Hurling one glove at the barbican wall, the Bastard then roared out this fiery, hoarse response:

‘Then I swear by Christ’s blood and by the soul of my whole family that, if you will not, this instant, give me the woman I love and who loves me, you will lose your son, from whom, with my own hands and before your eyes, and even if the whole of Heaven were to come to his aid, I will wrest what little remains of his life!’

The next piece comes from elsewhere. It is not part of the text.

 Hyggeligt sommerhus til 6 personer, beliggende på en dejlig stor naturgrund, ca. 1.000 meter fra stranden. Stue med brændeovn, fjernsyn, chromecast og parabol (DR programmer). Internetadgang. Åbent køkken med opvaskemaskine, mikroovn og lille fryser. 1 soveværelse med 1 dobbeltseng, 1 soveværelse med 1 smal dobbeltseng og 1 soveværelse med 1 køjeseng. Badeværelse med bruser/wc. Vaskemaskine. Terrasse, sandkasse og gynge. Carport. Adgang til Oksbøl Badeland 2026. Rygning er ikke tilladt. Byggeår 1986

A dagger already glinted in his hand, but in a superhuman impulse of sublime pride, Tructesindo rose up like another dark tower on the castle battlements and unsheathed his sword:

‘No, coward, use this sword, use this one! The blade that pierces my son’s heart should be pure, not sullied like yours!’

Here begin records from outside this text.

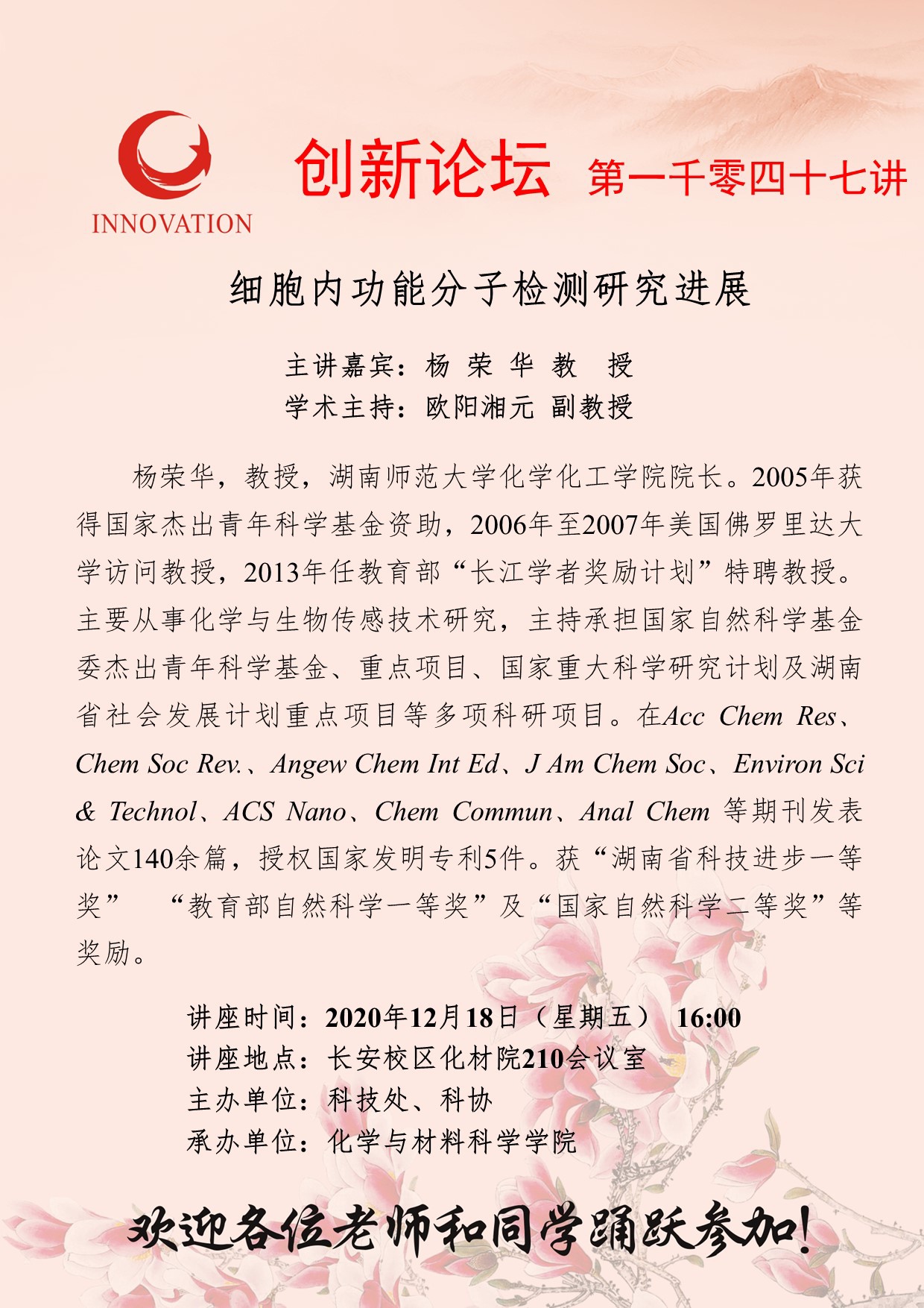杨荣华 教授 赢博官方(中国)总部创新论坛第一千零四十七讲:细胞内功能分子检测研究进展 讲座时间 2020年12月18日(星期五) 16:00 讲座地点 长安校区化材院210会议室 讲座人介绍 杨荣华 教授 讲座内容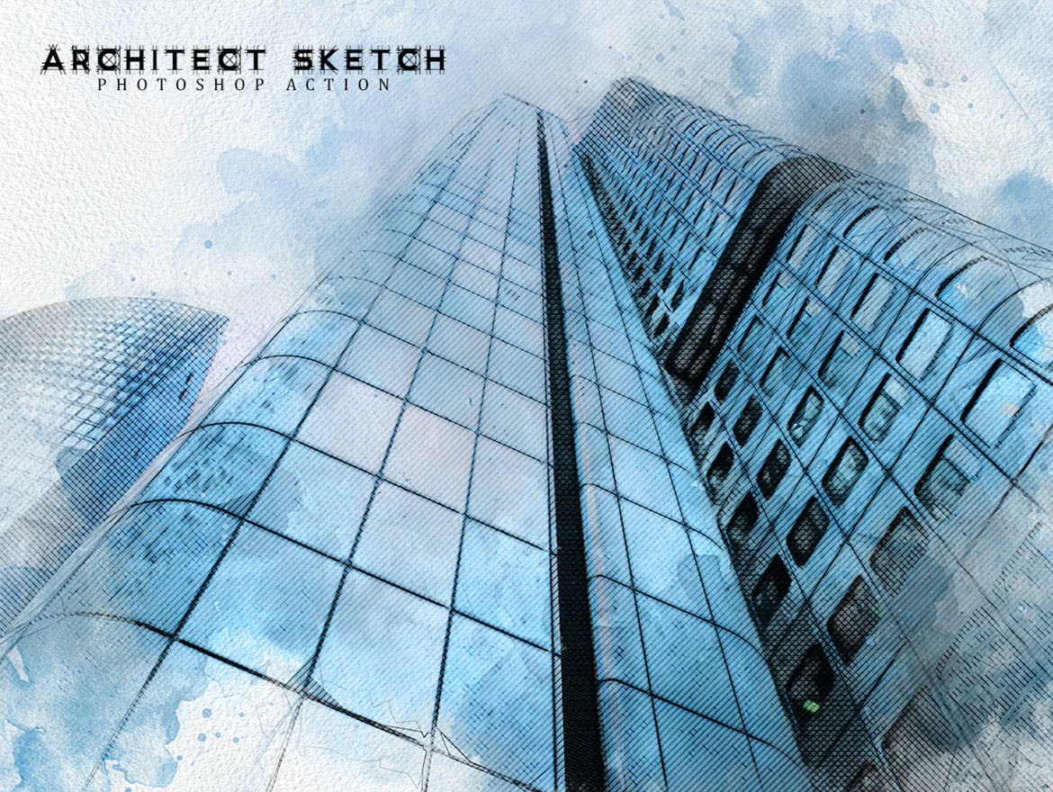 建筑师素描艺术Photoshop样式,把你的照片变成杰作。点击几下就能得到详细的架构师草图。易于定制和改进。使用此操作可以节省工作时间。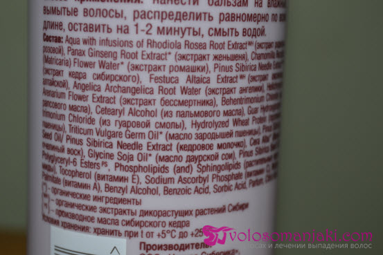 Komposition: Wasser, ein Derivat aus Rapsöl, Palmöl, Guarkernmehl, Weizenproteine, Extrakte aus Rhodiola rosea, Ginseng, Immortelle, Linnaeus, Kamille, Weizenkeimöl, Daurian Sojabohne, Zedernmilch, weißes Bienenwachs, Vitamine A, E, C, pflanzliche Ceramide, Parfümkomposition. Die Basis des Balsams sind Pine Oil Polyglyceryl-6 Ester, die durch lange und sorgfältige Verarbeitung von seltenem sibirischem Zedernöl gewonnen werden. Zedernnussöl enthält 5-mal mehr Vitamin E als Olivenöl und 3-mal mehr Vitamin F als Fischöl. Die Zusammensetzung der Shampoos und Balsame von Natura Siberica Cosmetics umfasst nur organische Extrakte, die die Ecocert-Zertifizierung bestanden haben, und die maximale Menge an natürlichen natürlichen Extrakten aus Pflanzen, die in den Reservaten des Fernen Ostens und Sibiriens wachsen. Enthält keine Bestandteile, die vom Körper als Allergene wahrgenommen werden können. Cosmetics Natura Siberica ist biologisch und vom unabhängigen Kosmetikinstitut ECO BIO ICEA (Italien) zertifiziert. Das Zertifikat garantiert, dass: mindestens 95 % der Zutaten pflanzlichen Ursprungs sind; enthält Extrakte und Öle aus kontrolliert biologischem Anbau; Es werden keine petrochemischen Produkte, Silikone, Parabene, künstliche Farbstoffe verwendet.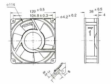 Ventilatore assiale in corrente alternate per motori a poli schermati, bassa velocità, con connessione piatta serie 110 (2,8x0,5 mm). Supporto su cuscinetti a sfera. Controllo digitale PWM della velocità. Per ambienti ad alte temperature
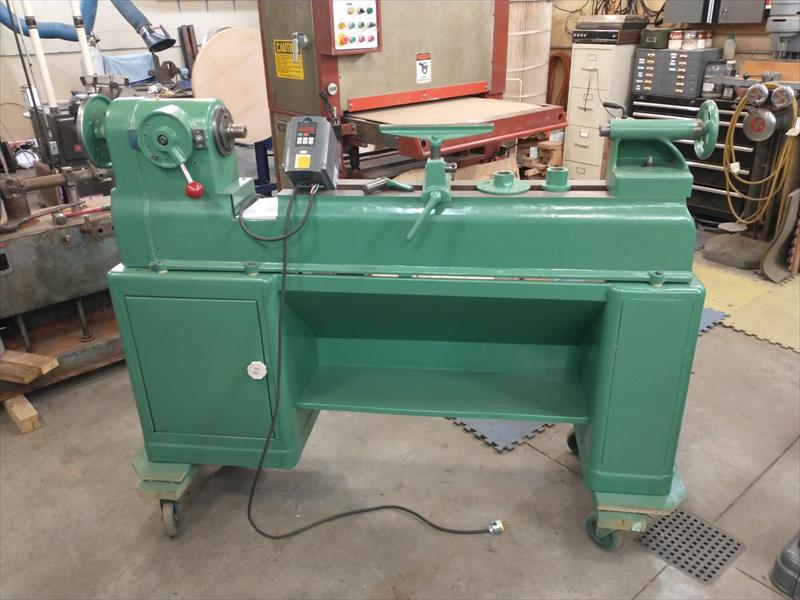 Restored Powermatic 90 Gap Bed wood lathe. Completely dismantled, cleaned, blasted, painted, new bearings, and equipped with a VFD to allow operation with single phase 220-240 V power. Comes with 12" and 6" tool rests, 3.5" and 6" face plates, and outboard face plate. This is the low speed model that can turn as fast as 2250 RPM. The VFD can be programmed to go above 60 Hz to give a higher top speed, if desired. The low speed via the Reeves drive is 550 RPM, however the speed can be further reduced with the VFD. I can crate and ship it at buyers expense. |
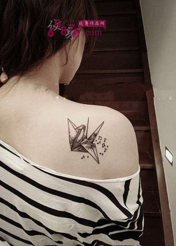 香肩黑白千纸鹤唯美纹身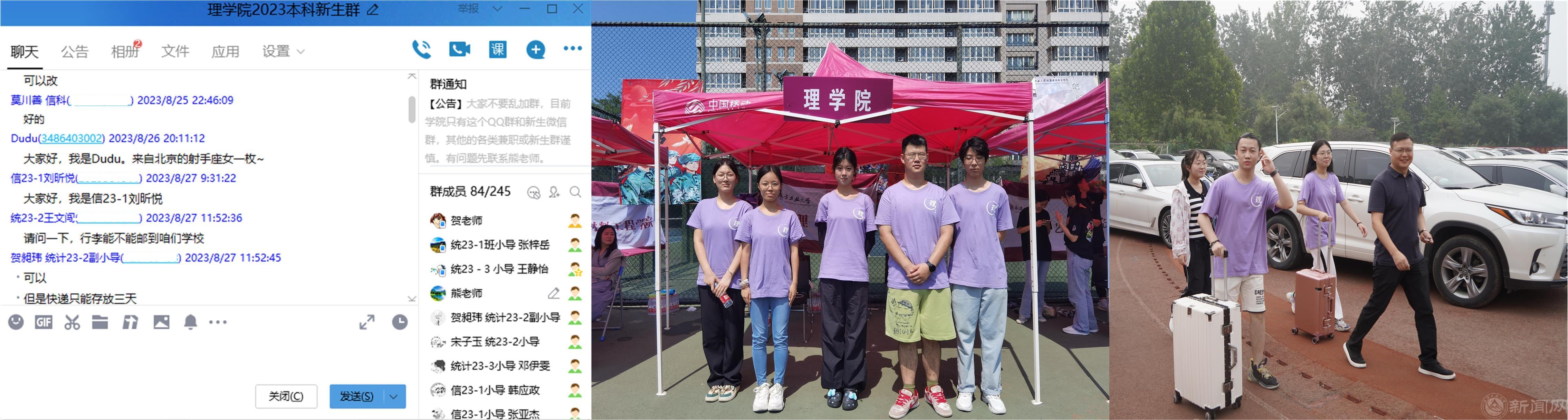 早在7月,學院就創建了“理學院2023級本科新生群”QQ群,方便新生咨詢。9月3日至4日,學院在小操場搭好帳篷、準備好小推車為提前入校放置行李的新生提供服務。

With his great strong hands, he furiously flung the sword into the air, where it whirled down, whistling and glittering, until it stuck fast in the hard ground, trembling and still glittering, as if itself filled with a heroic rage. At that same moment, the Bastard gave a roar that made his horse start, and, leaning down from his saddle, he plunged the dagger into Lourenço’s throat, so hard and deep that blood spattered his pale face and his golden beard.

Then all took flight. The four crossbowmen dropped the litter bearing the now dead body and, like hares caught in a clearing, dashed back to the cross, hard on the heels of the monk racing along, crouched over his mule and clinging to its mane. The Bastard, the six horsemen, all giving the alarm, rejoined the troops gathered around the cross, where, for a moment, helmets gleaming, they wheeled about in tumult, before racing off down to the stream, over the old bridge, and into the woods, leaving behind them only a cloud of dust.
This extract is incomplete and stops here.